Worst Jokes Ever
There's something special about cemeteries.
People are dying to get inside.
What's the difference between me and my best friends?
At least one of us has a house.
What’s a cow’s favorite piece of furniture?
The cowch (couch).
Do you like tree jokes? Because they leaf me in tears! :3
As a doctor myself, that nurse was very slow, she tested my patience!
Q: What did the little girl say to her leper daddy?
A: "Oops, I got your nose!"
Why do you want me?
Cus u like me...
What do you mean?
You love me.
No.
Look down.
What is Forrest Gump's password?
1forest1
How did Stephen Hawking die?
He rolled away and his charger unplugged.

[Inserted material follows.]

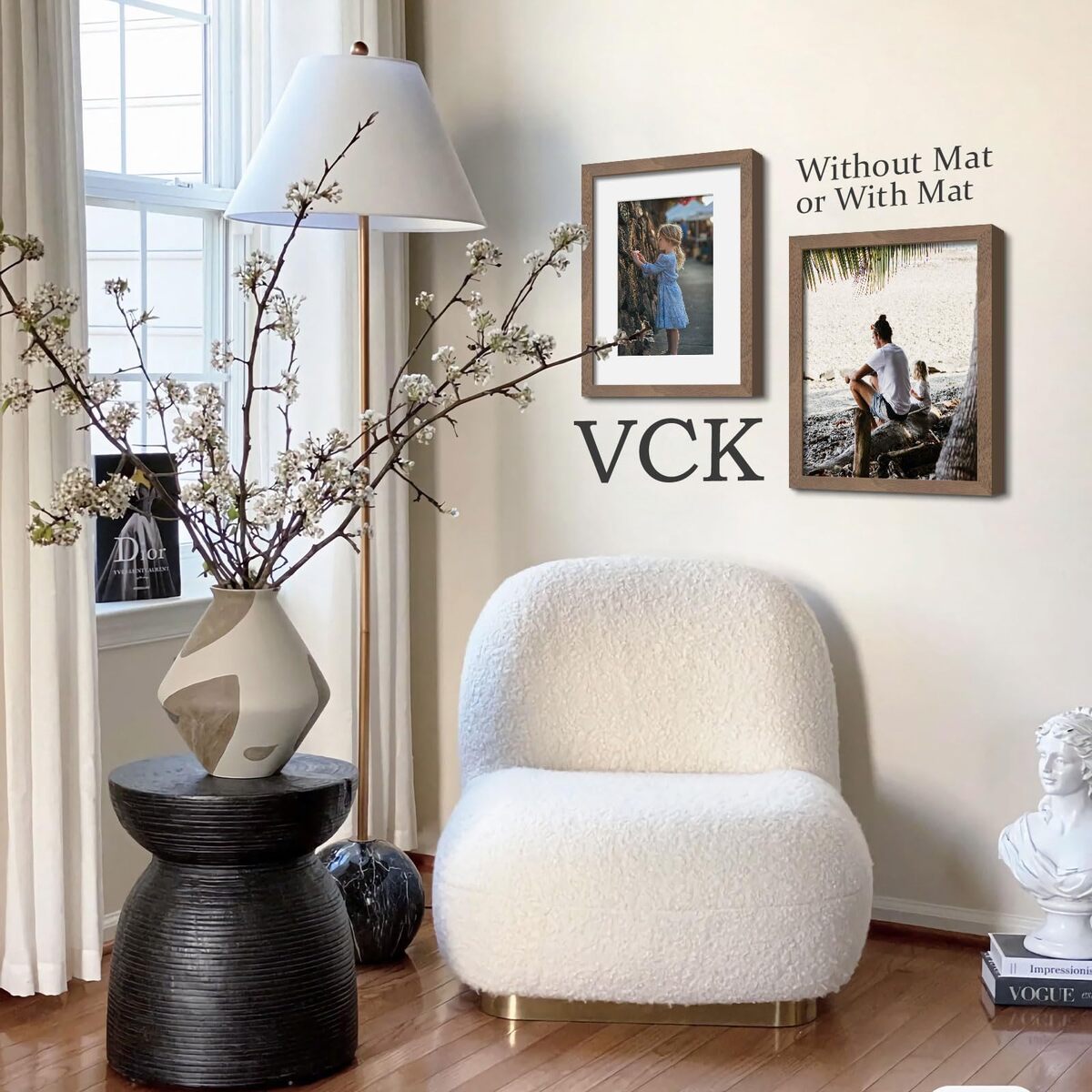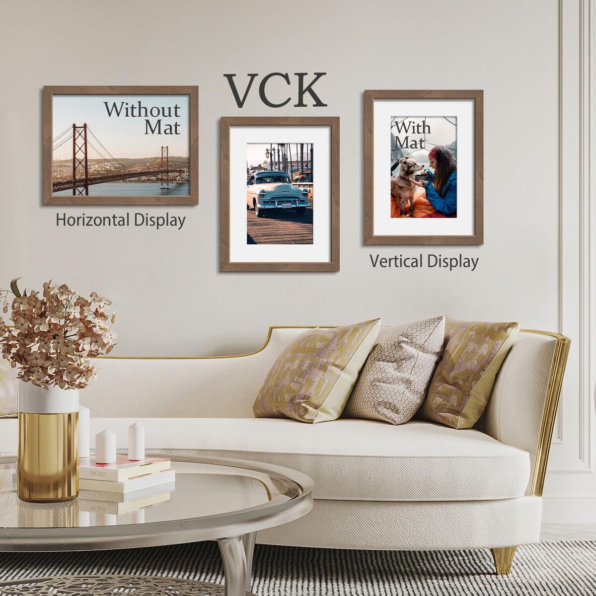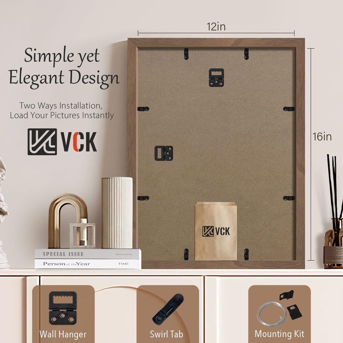 Masterpiece Redefined: Unveiled by VCK's independent design team, inspired by the Appalachian Mountains' natural charm, our brown walnut wood poster frame blends minimalism and organic aesthetics. Expertly crafted, it seamlessly complements any decor, exuding an aura of natural luxury.,Sustainable Quality: With a belief in nature's enduring beauty,VCK pairs sustainability with exceptional quality. Our durable frames, fortified corners, and back panel are designed to safeguard your treasured memories.,User-Friendly Design: This flexible frame can be easily hung on the wall, designed to display 12x16 without mat or 8x12 with mat photos with ease. Innovative design allows effortless photo insertion and switching between horizontally and vertically orientations.,Exceptional Clarity: Experience crystal-clear,ultra-HD sights with VCK's exclusive shatterproof tempered glass .Offering top-notch UV and glare protection, it's the perfect choice for families with kids?blending safety and clarity seamlessly.,"Satisfaction or Refund: At VCK, your satisfaction is paramount. We strive for excellence in our product experiences and carefully package our frames to arrive in pristine, perfect condition.

Stephen Hawking's death was completely accidental.
He pressed "shut down" instead of "sleep".
Fact: If you jump off a 12-story building, you will not like the result.
A police officer pulls a man over. "Hands in the air!"
The man said, "Okay."
Every single person on the plane died except for 2. How is that possible?
It said all the single people died; the 2 were a couple. That's how it was possible.
http://zebrahumor.wordpress.com has more zebra jokes.
What's got 9 arms and sucks?
Def Leppard.
I got shot once. Now I'm holey.
What did the orphan say to its parents?
"Hey, Mom and Dad—oh wait, you're not my parents. I don't have none. Will you adopt me, please?"
They people: "No."
Worst joke ever: me and my user.
Your mama is so fat, when scientists discovered her, they thought it was a new galaxy.
Roses are red, violets are blue, I'll be the dolphin, you can be the jellyfish.